Tri Taruna diduga memiliki peran sebagai perantara untuk menerima dan memberikan aliran uang hasil pemerasan kepada Albertinus. Selain itu, Tri Taruna juga diduga menerima aliran uang mencapai Rp1,07 miliar. Rinciannya, berasal dari mantan Kepala Dinas Pendidikan HSU senilai Rp930 juta pada 2022; dan berasal dari rekanan sebesar Rp140 juta pada 2024.
“Pada saat sesuai dengan laporan dari petugas kami yang melaksanakan penangkapan terhadap terduga itu melakukan perlawanan dan melarikan diri,” ujarnya.
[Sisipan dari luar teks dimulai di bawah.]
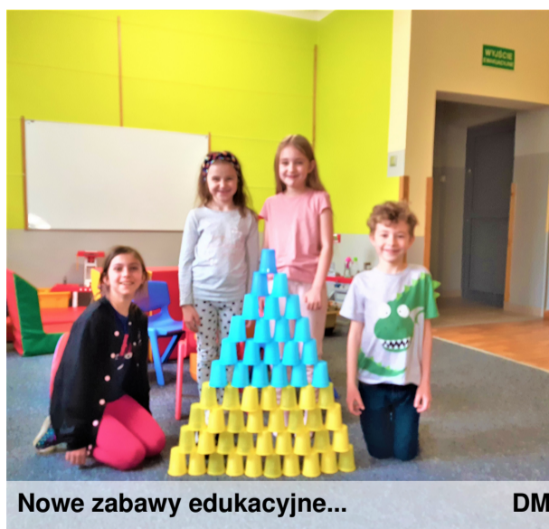
Nowe zabawy edukacyjne...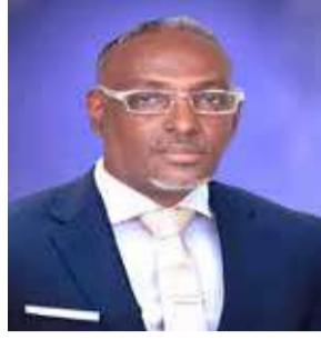
صحيفة النيل الدولية مسارب الضي دكتور محمد تبيدي السودان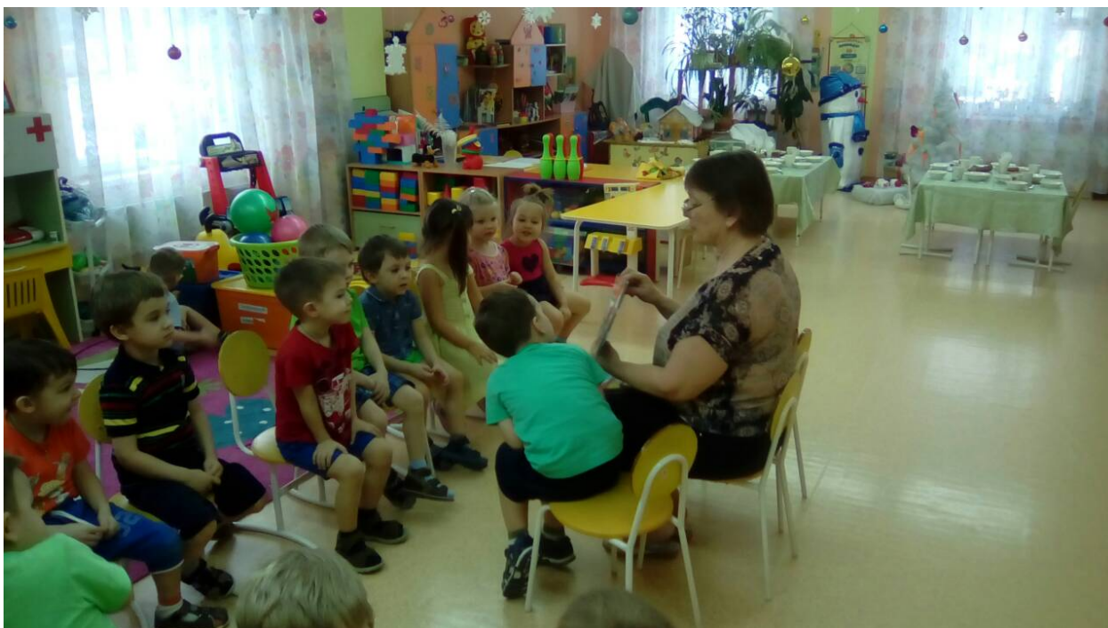
Знакомство с творчеством Г. Остера. Чтение отрывка из произведения «Котёнок по имени Гав».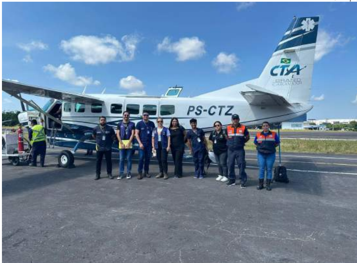
Por determinação do governador Wilson Lima, uma força tarefa foi montada para atender as vítimas do incêndio

vidores da Defesa Civil, Sejusc e Seas estão no município para colaborar com as autoridades municipais, levando suprimentos e assistência imediata, com apoio psicossocial, além de levantar as necessidades dos atingidos.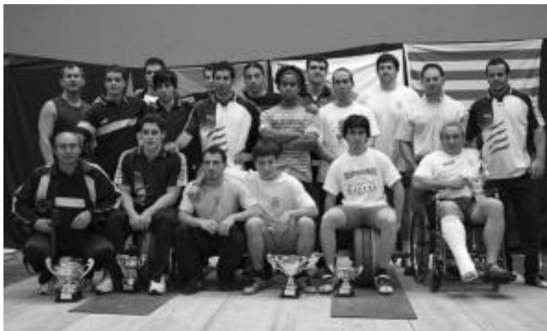
Lehiaketan parte hartu zuten hiru herrialdeetako pultsulari eta entrenatzaileak. HITZA

Irabazlea Katalunia izan zen eta Galizia gelditu zen hirugarren; «maila handiko» lehiaketa ikusi ahal izan zen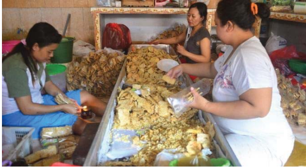
Gotong Royong Mengemas Keripik Tempe

Karakteristik selanjutnya adalah rasa rendah hati dan terbuka, dengan serta merta, penduduk di Kampung Sanan selalu terbuka menerima pengunjung dengan kerendahan hati yang membuat kesan ramah juga terasa dalam interaksinya. Mungkin dikarenakan pengunjung adalah berkah bagi mereka yang dapat membantu berkembangnya usaha mereka. Dapat dikatakan masyarakat di Sanan terbuka akan masukan dan mereka sadar bahwa perubahan akan memberikan efek bagi kehidupan maupun bisnis mereka.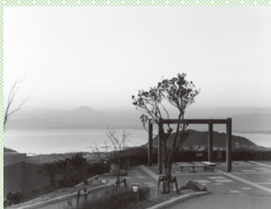
←エリックさんもお気に入りだという、富士山が見えるグリーンパーク

色々な国に行く機会も多いですが、国際村に戻ってくると穏やかな気持ちになります。この環境は自然をととても身近に感じられるため、研究するのももぴったりです。夕方にランニングをしたり、お昼休みには富士山を眺めたり。会議のために遠方から来た人にも、いつも絶賛されるほどの景色ですね。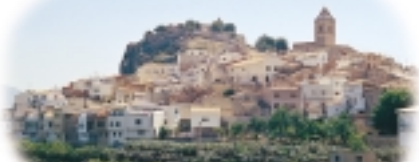
Pueblo de Polop

encontraremos una barrera que corta el paso, debemos seguir aunque esté puesta. Con frecuencia se suele ver en la zona algún monje budista, puesto que en las proximidades hay un templo dedicado a este culto. Si les saludamos ellos responderán probablemente con una reverencia. Más adelante nos cruzaremos varias casas agrícolas que en la cartografía se les denomina, de forma conjunta, les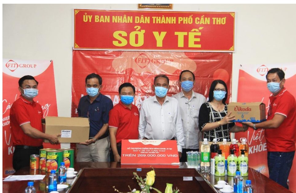
Đại diện FIT Group đến trao quà cho Sở Y Tế Cần Thơ

Cụ thể, FIT Group đã trao tặng Sở Y tế Thành phố Cần Thơ 3451 sản phẩm trái cây đóng lon thương hiệu Westfood; 141 thùng nước khoáng thiên nhiên Vikoda; 305 thùng nước khoáng tăng lực Sumo; 1212 tube gel rửa tay Dr.Clean; 60 hộp thuốc Giảm đau hạ sốt Panalgan cùng 1000 khẩu trang y tế N95.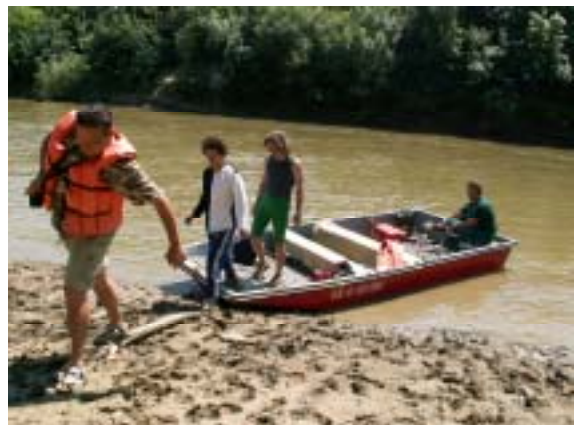
Piesočná pláž, Zemplin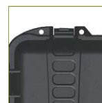
Отверстие для навесного замка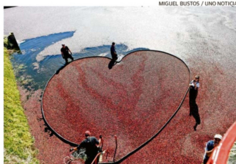
MIGUEL BUSTOS / UNO NOTICIAS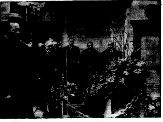
Zdjęcie nasze przedstawia fragment wyroczni z udziałem przedstawicieli miejscowego społeczeństwa...

“Saat ini sedang dilakukan upaya pencarian dan nanti akan kami terbitkan daftar pencarian orang [DPO] apabila pencarian ini tidak membuahkan hasil atau tidak ditemukan yang bersangkutan.”
Dalam perkara ini, KPK juga menetapkan dua orang lainnya sebagai tersangka. Mereka adalah Kepala Kejaksaan Negeri Kabupaten Hulu Sungai Utara Agustus 2025–sekarang Albertinus Parlinggoman Napitupulu dan Kepala Seksi Intelijen (Kasi Intel) Kejaksaan Negeri Kabupaten Hulu Sungai Utara Asis Budianto.
“KPK selanjutnya melakukan penahanan terhadap para tersangka [Albertinus dan Asis] untuk 20 hari pertama sejak tanggal 19 Desember 2025 sampai dengan 8 Januari 2026,” ujarnya.
Atas perbuatannya, para tersangka disangkakan melanggar Pasal 12 huruf e, Pasal 12 huruf f UU No 31 tahun 1999 sebagaimana telah diubah dengan UU No 20 Tahun 2002 jo Pasal 55 ayat (1) KUHP jo Pasal 64 KUHP.